The science we support

Our investments include epidemiological studies including population cohorts, prevention research, methodology, intervention development, infrastructure informatics and global public health. We fund applied public health research through multi-funded partnerships and in MRC units and centres.

Cohorts

For more than 50 years, MRC has funded a diverse range of population cohorts for longitudinal population studies that have provided important insights into the determinants of health, wellbeing and disease. They have also contributed to public health policy and changes in clinical practice. To maximise the value of these studies, it is important to gain a comprehensive understanding of how they fit into the context of the wider UK population cohort landscape.

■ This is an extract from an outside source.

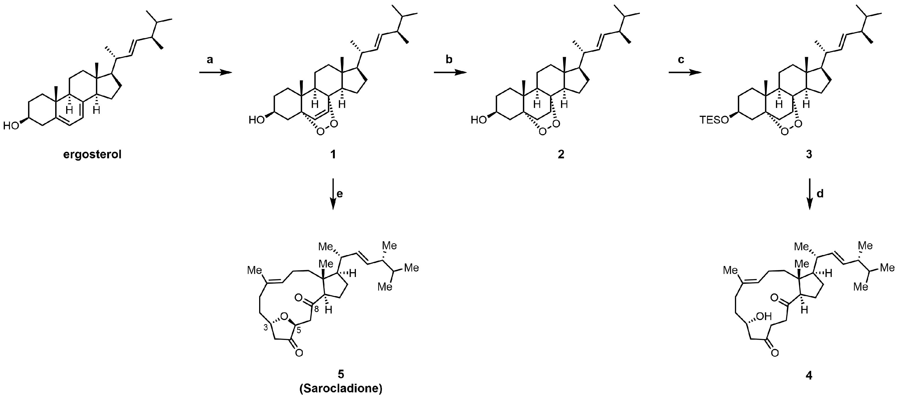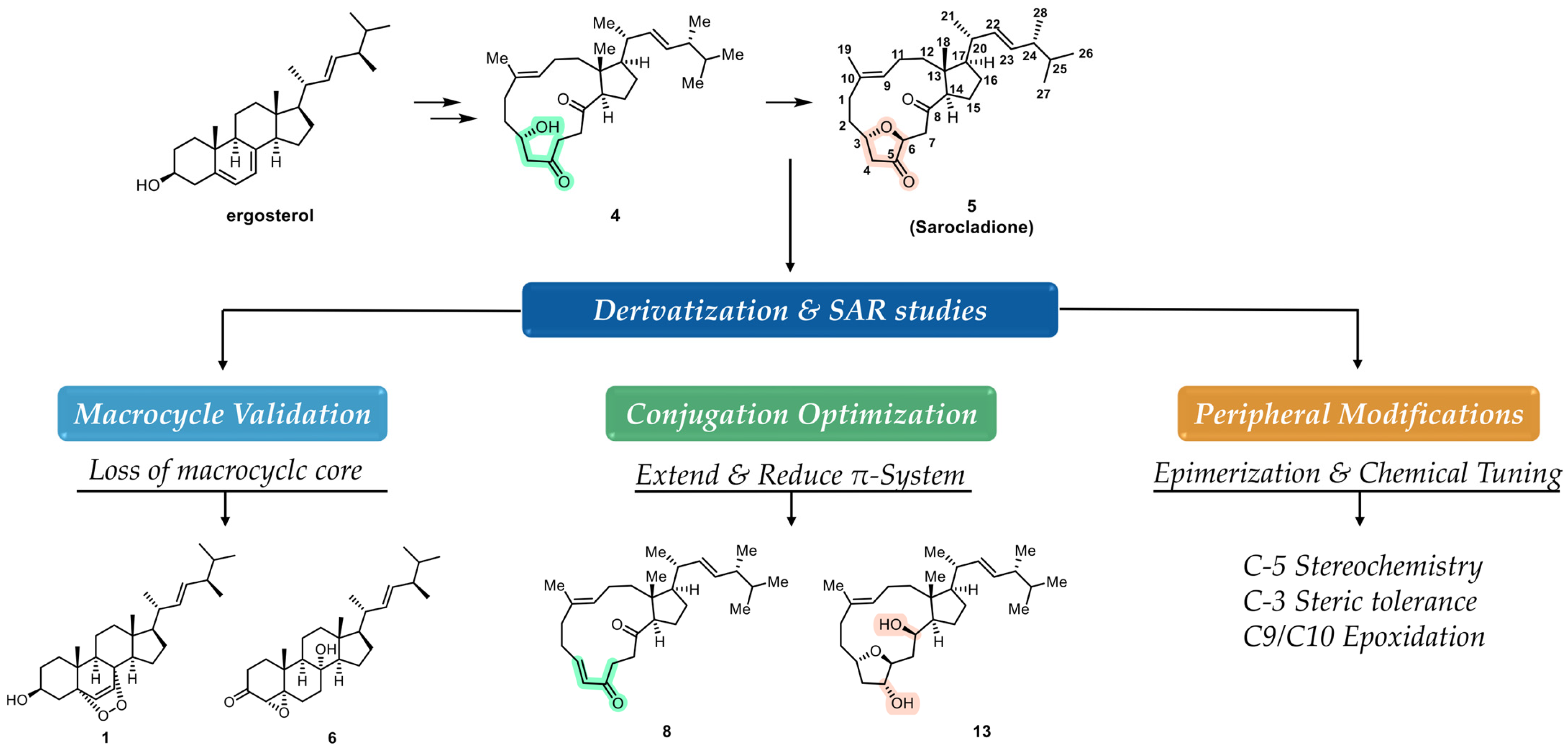- Duecker, F.L.; Reuß, F.; Heretsch, P. Rearranged Ergostane-Type Natural Products: Chemistry, Biology, and Medicinal Aspects. Org. Biomol. Chem. 2019, 17, 1624–1633. [Google Scholar] [CrossRef]
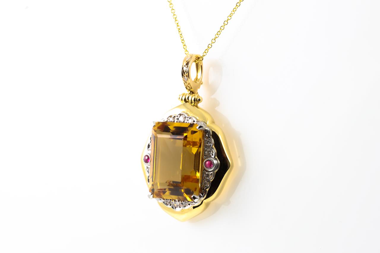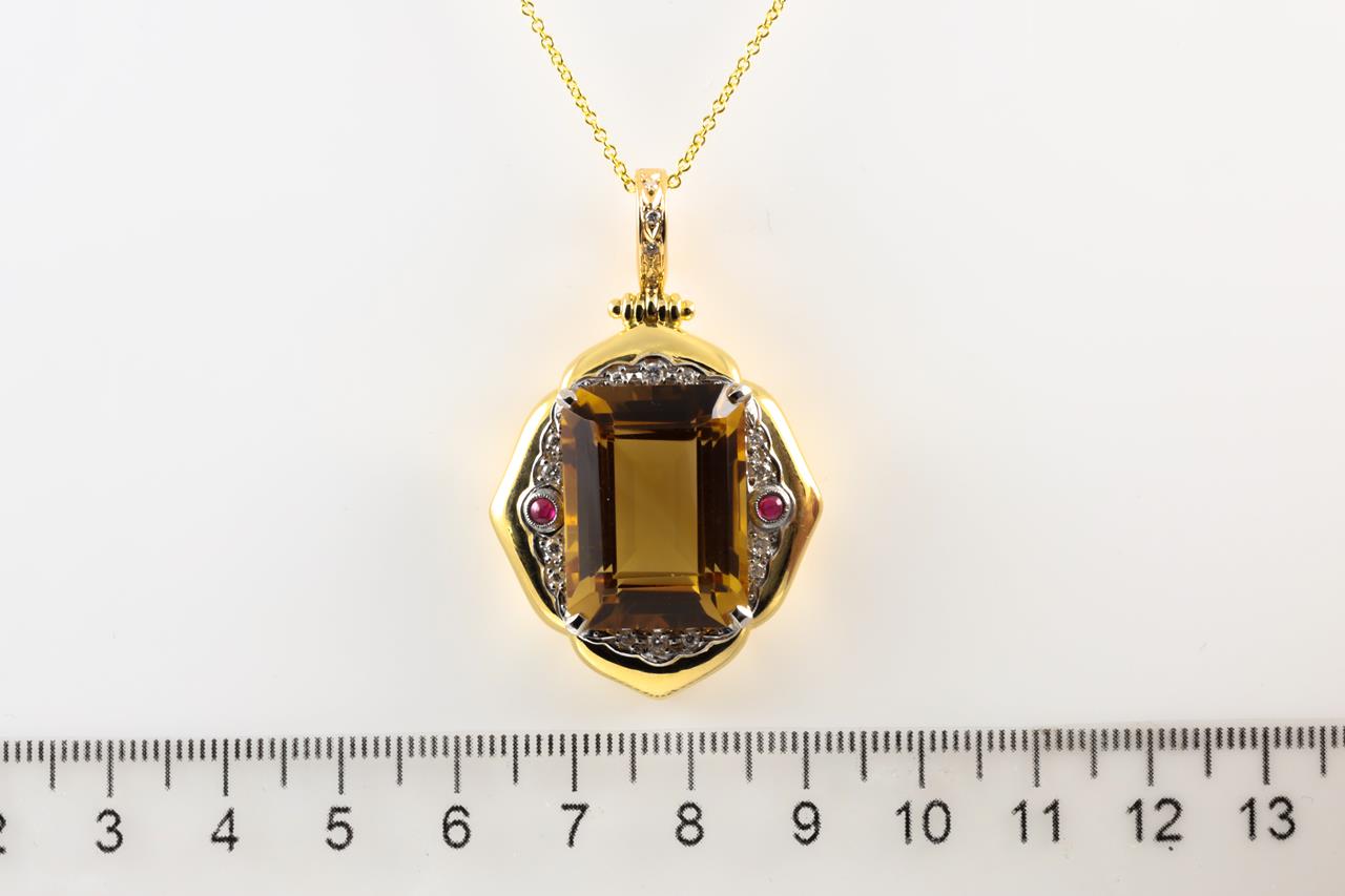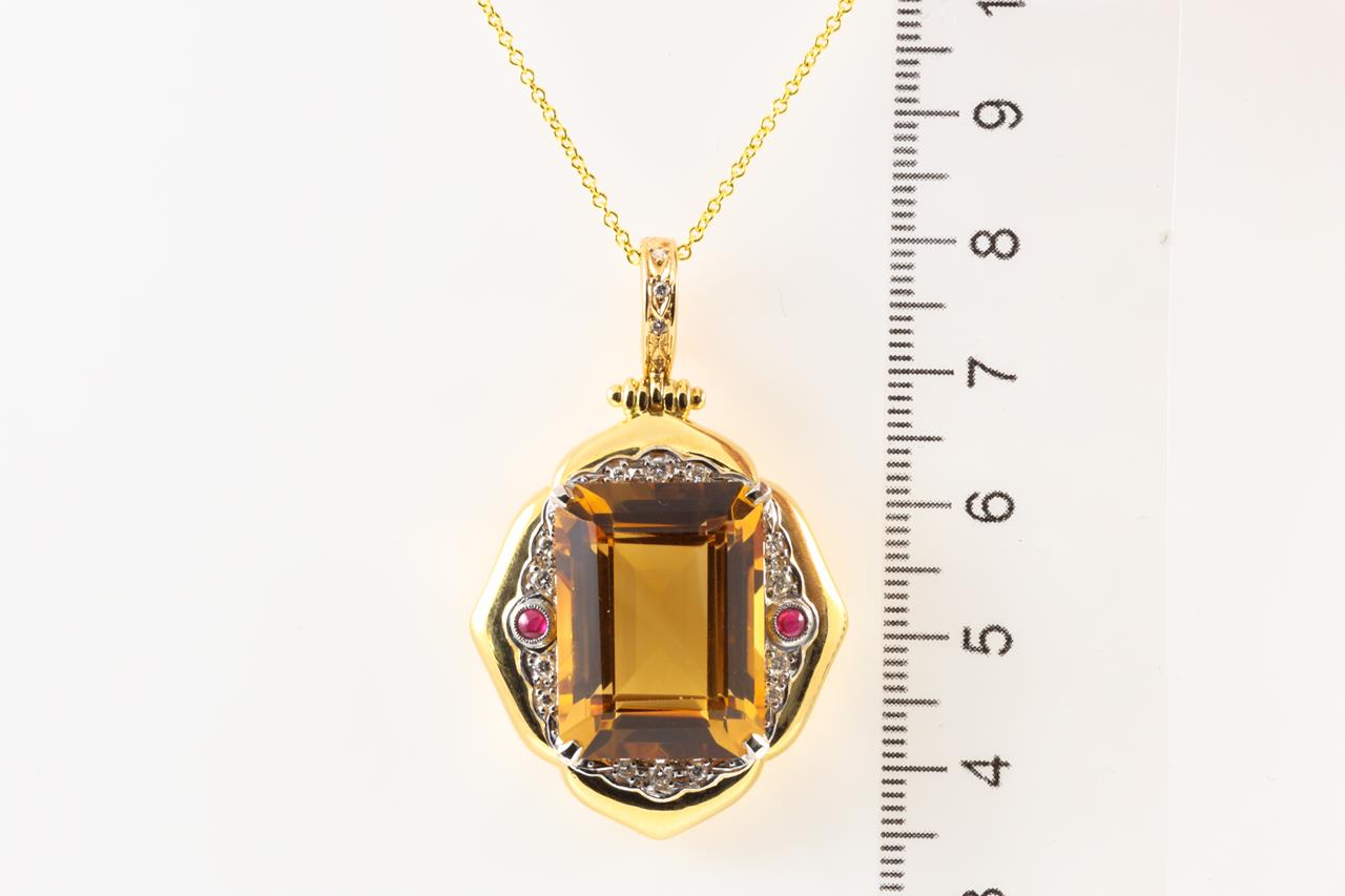 Citrine and Diamond pendant with an emerald cut Citrine of 24.36ct, Rubies totalling 0.19cts and Diamonds totalling 0.24cts. 18ct yellow gold. Weight: 19.1g (Pre-owned)

We have carried out a review of the largest UK population cohort studies:

  • to document the current investment in these cohorts
  • to model how the studies will develop over the next 10 years

A total of 34 cohorts were included, 19 of which we either partly or fully funded. MRC funding accounts for just under £10 million of the total combined annual spend on these cohorts of £27.6 million. They span the whole life course from birth to 100 years of age, and together contain 2.2 million participants.

Read the strategic review: Maximising the value of UK population cohorts.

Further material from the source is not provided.